··· INPUT DATA
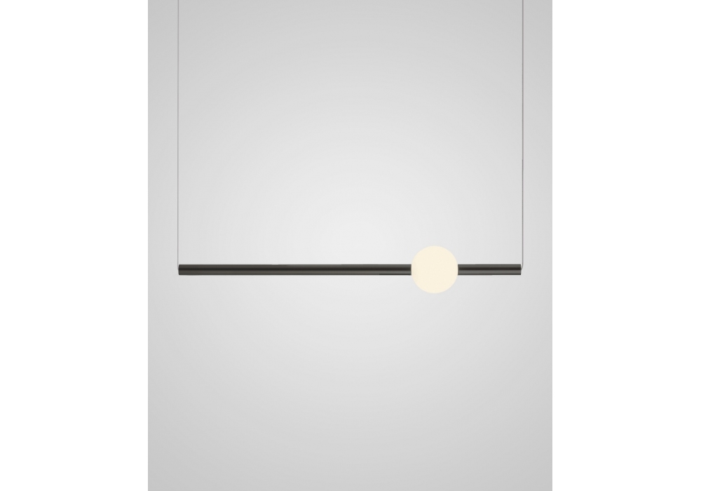 Orion Globe Light produced and signed by Lee Broom is a pendant lamp made with a tubular steel rod and an opal glass sphere. The light source adopted is of the dimmable LED type. Orion Globe Light is available in different finishes.
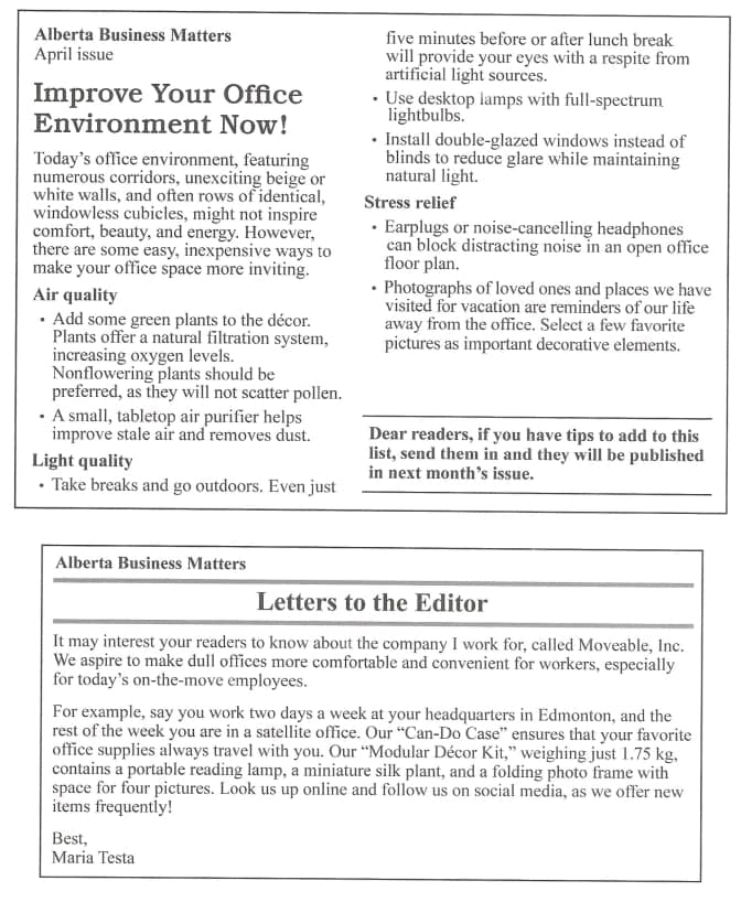 (D) She read the previous issue of Alberta Business Matters.
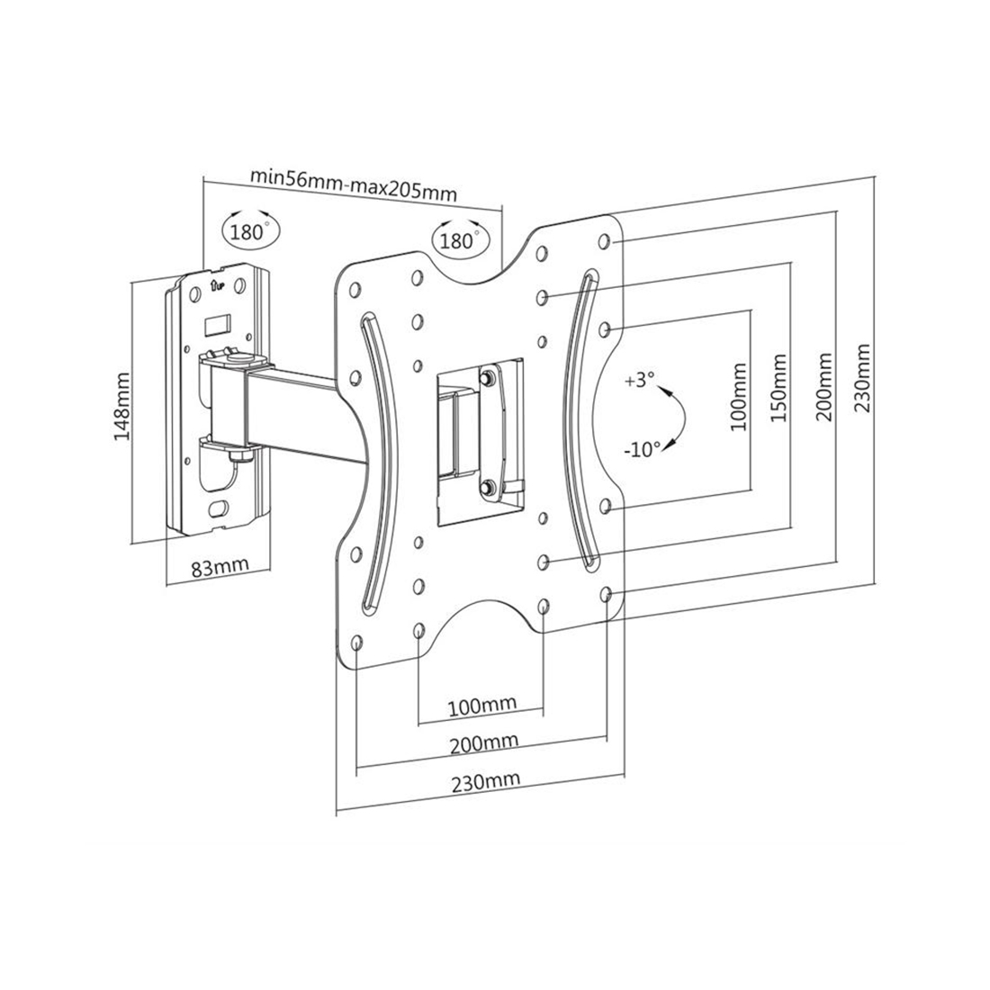 Кронштейн для ТВ и мониторов, Brateck, KLA27-221, Макс. нагрузка — 30 кг, Диагональ экрана от 23″ до 42″, Угол поворота 180°, Угол наклона +/-20°, Чёрный
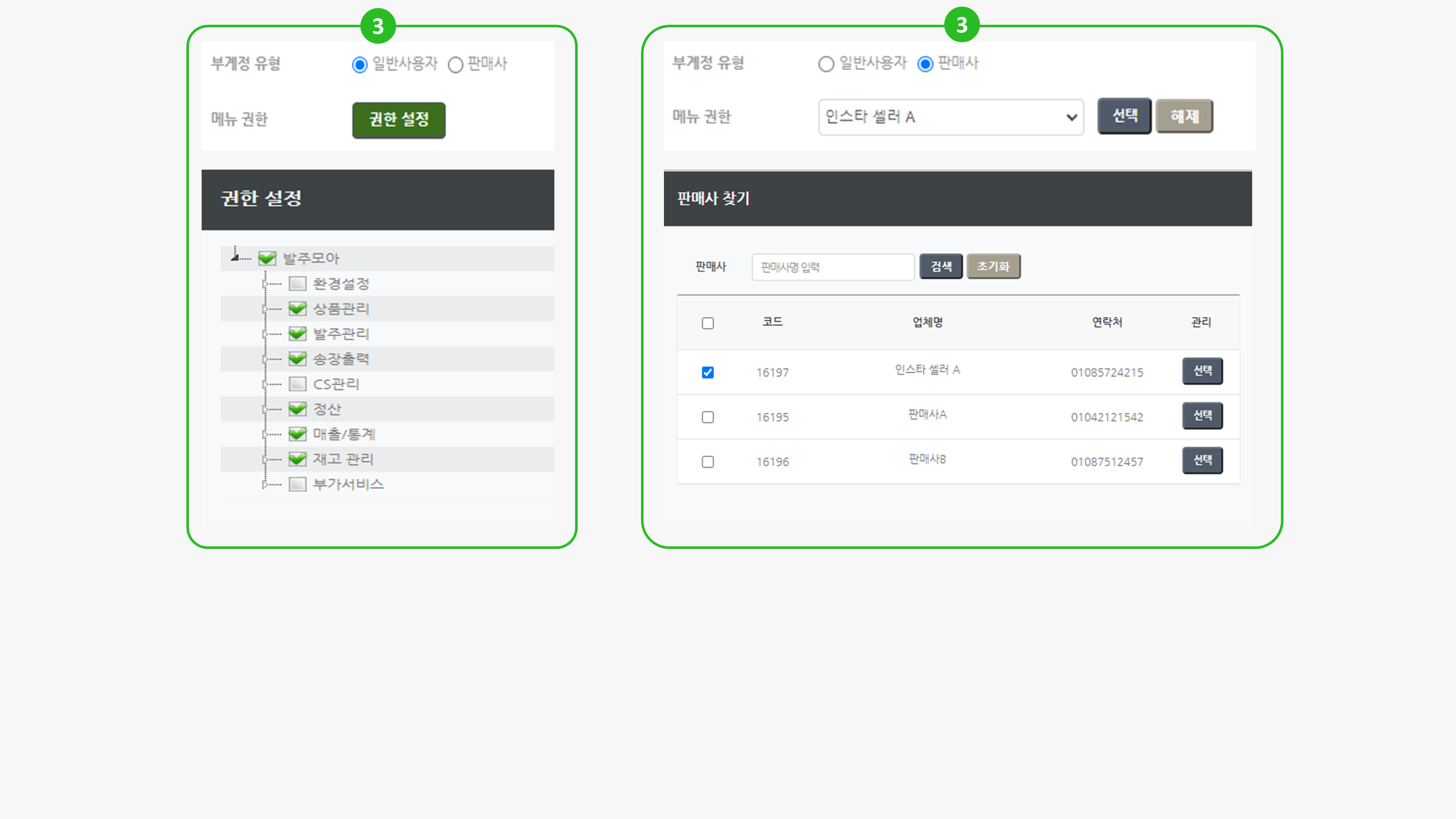 부계정의 유형에 따라 접근권한을 설정할 수 있습니다. 일반사용자 : 부계정의 메뉴권한을 선택적으로 부여할 수 있습니다. 판매사 : 매출처에 해당 부계정을 공유하여 업로드 목적으로 사용할 수 있습니다.
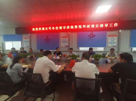 6月18日上午,安徽二建公司總經(jīng)理李建成、副總經(jīng)理葉和永、副總經(jīng)理費(fèi)勤波赴銅陵吾悅?cè)A府項(xiàng)目調(diào)研指導(dǎo)工作,安全管理部、物資設(shè)備部、工程管理部等部門負(fù)責(zé)人及分公司主要領(lǐng)導(dǎo)班子成員隨同調(diào)研并參與座談。
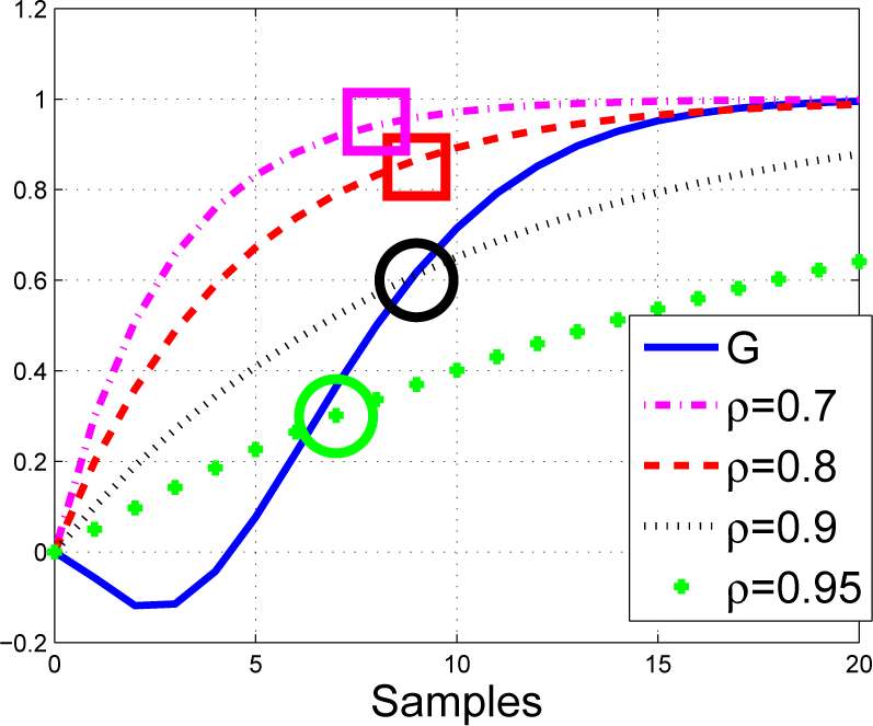 - It is clear that for ρ = 0:9, an intercept exists between the step response and target, and hence, ny = 8 would be a logical choice of coincidence point.
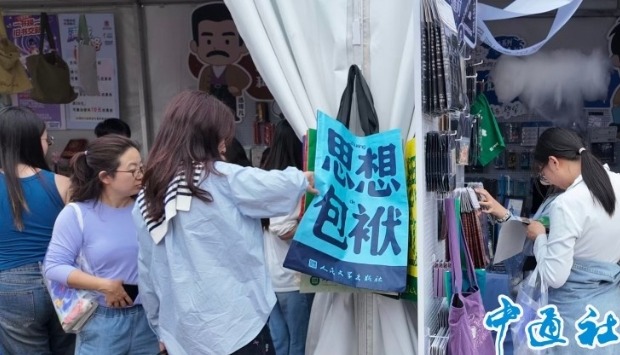 •     2026年4月25日,2026年春季北京書市期間,朝陽公園展區內人民文學出版社旗下的“朝花夕拾·文創咖啡供銷社”展位前,讀者們正在選購文創產品。 香港中通社圖片
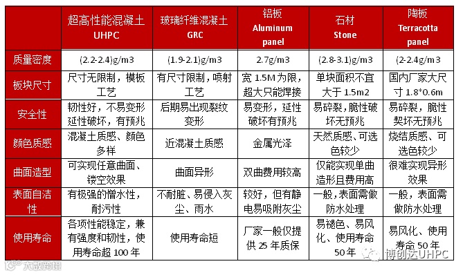 UHPC与GRC,铝板,石材,陶板之间性能差异对比
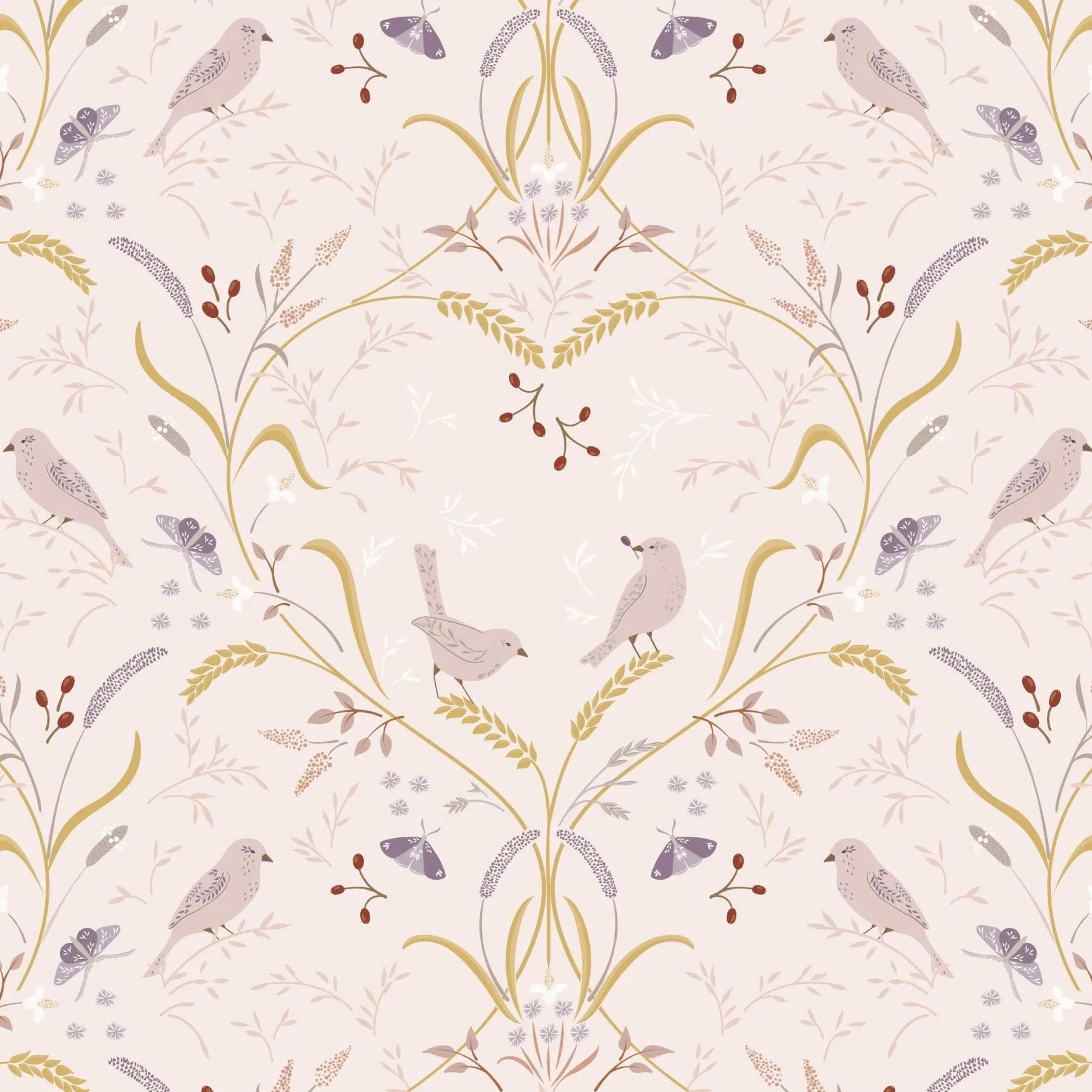 Lewis & Irene Meadowside - Bird by Bird Ecru Pink - 100% Cotton Fabric
······
## EXERCISE INSTRUCTIONS
Copy the data character for character, but drop all pictures from the copy.

## TASK RESULT
 Orion Globe Light produced and signed by Lee Broom is a pendant lamp made with a tubular steel rod and an opal glass sphere. The light source adopted is of the dimmable LED type. Orion Globe Light is available in different finishes.
 (D) She read the previous issue of Alberta Business Matters.
 Кронштейн для ТВ и мониторов, Brateck, KLA27-221, Макс. нагрузка — 30 кг, Диагональ экрана от 23″ до 42″, Угол поворота 180°, Угол наклона +/-20°, Чёрный
 부계정의 유형에 따라 접근권한을 설정할 수 있습니다. 일반사용자 : 부계정의 메뉴권한을 선택적으로 부여할 수 있습니다. 판매사 : 매출처에 해당 부계정을 공유하여 업로드 목적으로 사용할 수 있습니다.
 6月18日上午,安徽二建公司總經(jīng)理李建成、副總經(jīng)理葉和永、副總經(jīng)理費(fèi)勤波赴銅陵吾悅?cè)A府項(xiàng)目調(diào)研指導(dǎo)工作,安全管理部、物資設(shè)備部、工程管理部等部門負(fù)責(zé)人及分公司主要領(lǐng)導(dǎo)班子成員隨同調(diào)研并參與座談。
 - It is clear that for ρ = 0:9, an intercept exists between the step response and target, and hence, ny = 8 would be a logical choice of coincidence point.
 •     2026年4月25日,2026年春季北京書市期間,朝陽公園展區內人民文學出版社旗下的“朝花夕拾·文創咖啡供銷社”展位前,讀者們正在選購文創產品。 香港中通社圖片
 UHPC与GRC,铝板,石材,陶板之间性能差异对比
 Lewis & Irene Meadowside - Bird by Bird Ecru Pink - 100% Cotton Fabric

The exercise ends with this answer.